Reversible Skeletal Transmetalations of Inorganic Rings: Isolation of Aluminatophosphazenes, a Zwitterionic Phosphazene, and a Donor-Stabilized Alumazine−Phosphazene Hybrid Cation

Synthesis of the cyclic aluminatophosphazene ring N(PCl2NMe)2AlMeCl (5) has been achieved via a skeletal transmetalation reaction between AlMe3 and the boratophosphazene N(PCl2NMe)2BCl2 (1). Reaction of 5 with various halogenated Lewis acids such as GaCl3 yielded the fully chlorinated aluminum heterocycle N(PCl2NMe)2AlCl2 (8) through a methyl−halogen exchange process. In contrast, treatment of 5 with excess AlMe3 resulted in complete methylation at aluminum to give N(PCl2NMe)2AlMe2 (6). Compound 5 was reacted with various Ag+ salts with weakly coordinating anions, including Ag[OSO2CF3], which afforded the triflate-substituted heterocycle N(PCl2NMe)2AlMe(OSO2CF3) (9). The reaction of 5 with Ag[BF4] surprisingly produced the previously known fluorinated boratophosphazene N(PCl2NMe)2BF2 (10). The transformation of 1 to 5 and then to 10 represents a rare, formally reversible, skeletal transmetalation process involving boron and aluminum. Treatment of 5 with Ag[PF6] led to the insertion of phosphorus in place of aluminum to form the novel zwitterionic fluorinated phosphorus(V) heterocycle N(PCl2NMe)2PF4 (11).

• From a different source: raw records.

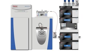 Grafik: Dr. Nico UeberschaarOrbitrap Fusion Massenspektrometer mit einer Dionex Ultimate 3000 nano-HPLC und nano-ESI Ionisierung.
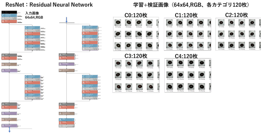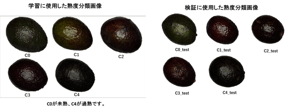アボカドは未熟なものは緑色です。時間がたつと茶褐色に変色し柔らかくなり食べられなくなります(過熟)。以下のようにプロの選別者が5分類(未熟C0,過熟はC4、その間をC1,C2,C3に分類)したアボカドの画像各108枚を学習データに使用しました。学習には、Sony製NNCでResNetを使用しました。検証には同じカテゴリの学習に使用してない画像各12枚を学習後のモデル精度検証に使いました。
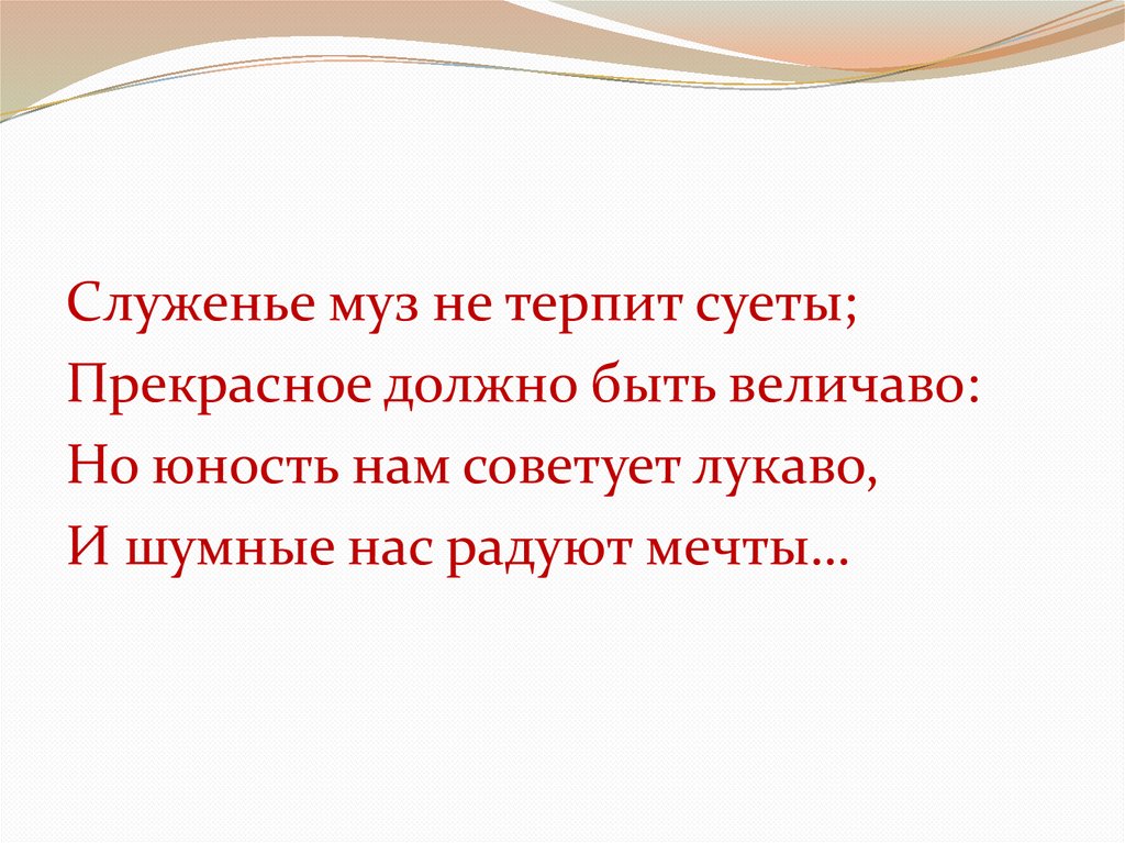 Служенье муз не терпит суеты;Прекрасное должно быть величаво:

The ethyl-substituted aluminatophosphazene N(PCl2NMe)2AlMeEt (14) reacted cleanly with a 1:1 mixture of [Ph3C][B(C6F5)4] and THF to give the novel donor-stabilized alumazine−phosphazene hybrid cation, [7·THF]+, as the [B(C6F5)4]- salt [N(PCl2NMe)2AlMe·THF][B(C6F5)4] (15).